- WORK TASK -
Retype, exactly as they appear below, the lines between the line holding "Deti s touto" and the line holding "We played a", both ends included.

EXTRACTED MATERIAL Start Marker

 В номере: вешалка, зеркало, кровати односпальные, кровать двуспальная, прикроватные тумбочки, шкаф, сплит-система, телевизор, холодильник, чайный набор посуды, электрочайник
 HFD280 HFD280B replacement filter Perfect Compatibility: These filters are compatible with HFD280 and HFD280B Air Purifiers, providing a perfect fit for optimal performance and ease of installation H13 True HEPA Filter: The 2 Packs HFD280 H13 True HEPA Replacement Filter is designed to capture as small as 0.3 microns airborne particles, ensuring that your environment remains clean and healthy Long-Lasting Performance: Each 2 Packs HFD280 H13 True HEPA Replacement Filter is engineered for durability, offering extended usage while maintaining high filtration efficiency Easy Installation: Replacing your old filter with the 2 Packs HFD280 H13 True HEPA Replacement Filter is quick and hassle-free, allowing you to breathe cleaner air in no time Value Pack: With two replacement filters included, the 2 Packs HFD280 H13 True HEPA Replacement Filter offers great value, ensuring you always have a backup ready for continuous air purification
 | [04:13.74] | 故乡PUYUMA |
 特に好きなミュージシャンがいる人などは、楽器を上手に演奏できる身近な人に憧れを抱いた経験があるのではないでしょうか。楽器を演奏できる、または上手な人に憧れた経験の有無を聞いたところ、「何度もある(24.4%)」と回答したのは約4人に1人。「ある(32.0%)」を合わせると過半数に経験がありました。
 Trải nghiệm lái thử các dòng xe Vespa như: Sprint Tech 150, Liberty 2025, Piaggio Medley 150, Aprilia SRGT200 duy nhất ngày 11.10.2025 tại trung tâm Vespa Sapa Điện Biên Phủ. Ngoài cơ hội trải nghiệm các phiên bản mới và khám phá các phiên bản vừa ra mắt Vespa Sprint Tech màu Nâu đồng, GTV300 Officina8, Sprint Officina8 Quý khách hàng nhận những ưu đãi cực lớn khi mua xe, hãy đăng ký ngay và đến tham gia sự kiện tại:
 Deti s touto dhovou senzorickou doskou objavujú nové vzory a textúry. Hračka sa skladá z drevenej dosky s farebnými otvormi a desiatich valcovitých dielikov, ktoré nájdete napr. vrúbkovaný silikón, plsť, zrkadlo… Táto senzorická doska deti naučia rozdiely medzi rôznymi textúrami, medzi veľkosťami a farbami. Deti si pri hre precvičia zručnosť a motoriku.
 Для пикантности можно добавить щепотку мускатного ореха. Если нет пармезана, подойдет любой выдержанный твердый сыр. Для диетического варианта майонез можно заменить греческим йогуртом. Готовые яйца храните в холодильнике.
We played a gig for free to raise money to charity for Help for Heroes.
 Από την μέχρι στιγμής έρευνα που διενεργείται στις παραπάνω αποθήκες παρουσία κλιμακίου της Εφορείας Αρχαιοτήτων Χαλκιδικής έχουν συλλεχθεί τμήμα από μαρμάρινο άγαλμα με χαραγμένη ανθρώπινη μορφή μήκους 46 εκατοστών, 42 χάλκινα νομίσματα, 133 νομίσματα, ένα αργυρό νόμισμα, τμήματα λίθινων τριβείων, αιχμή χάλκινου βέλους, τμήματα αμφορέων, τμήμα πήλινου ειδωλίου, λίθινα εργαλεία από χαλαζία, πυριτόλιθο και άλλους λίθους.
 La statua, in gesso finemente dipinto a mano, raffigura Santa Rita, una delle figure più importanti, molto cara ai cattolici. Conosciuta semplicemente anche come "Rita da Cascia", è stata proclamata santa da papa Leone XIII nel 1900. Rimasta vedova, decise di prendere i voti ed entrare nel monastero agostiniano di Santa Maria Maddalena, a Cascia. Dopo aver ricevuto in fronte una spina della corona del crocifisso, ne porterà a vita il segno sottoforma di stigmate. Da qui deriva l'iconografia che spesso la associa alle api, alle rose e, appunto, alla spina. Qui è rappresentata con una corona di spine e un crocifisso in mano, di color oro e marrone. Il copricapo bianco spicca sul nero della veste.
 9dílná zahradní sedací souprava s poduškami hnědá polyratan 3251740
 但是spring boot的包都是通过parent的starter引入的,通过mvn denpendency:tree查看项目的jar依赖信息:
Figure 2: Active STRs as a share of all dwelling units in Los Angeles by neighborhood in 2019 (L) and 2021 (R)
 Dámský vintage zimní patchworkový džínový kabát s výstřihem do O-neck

EXTRACTED MATERIAL End Marker

- RESULT OF THE TASK -
 Deti s touto dhovou senzorickou doskou objavujú nové vzory a textúry. Hračka sa skladá z drevenej dosky s farebnými otvormi a desiatich valcovitých dielikov, ktoré nájdete napr. vrúbkovaný silikón, plsť, zrkadlo… Táto senzorická doska deti naučia rozdiely medzi rôznymi textúrami, medzi veľkosťami a farbami. Deti si pri hre precvičia zručnosť a motoriku.
 Для пикантности можно добавить щепотку мускатного ореха. Если нет пармезана, подойдет любой выдержанный твердый сыр. Для диетического варианта майонез можно заменить греческим йогуртом. Готовые яйца храните в холодильнике.
We played a gig for free to raise money to charity for Help for Heroes.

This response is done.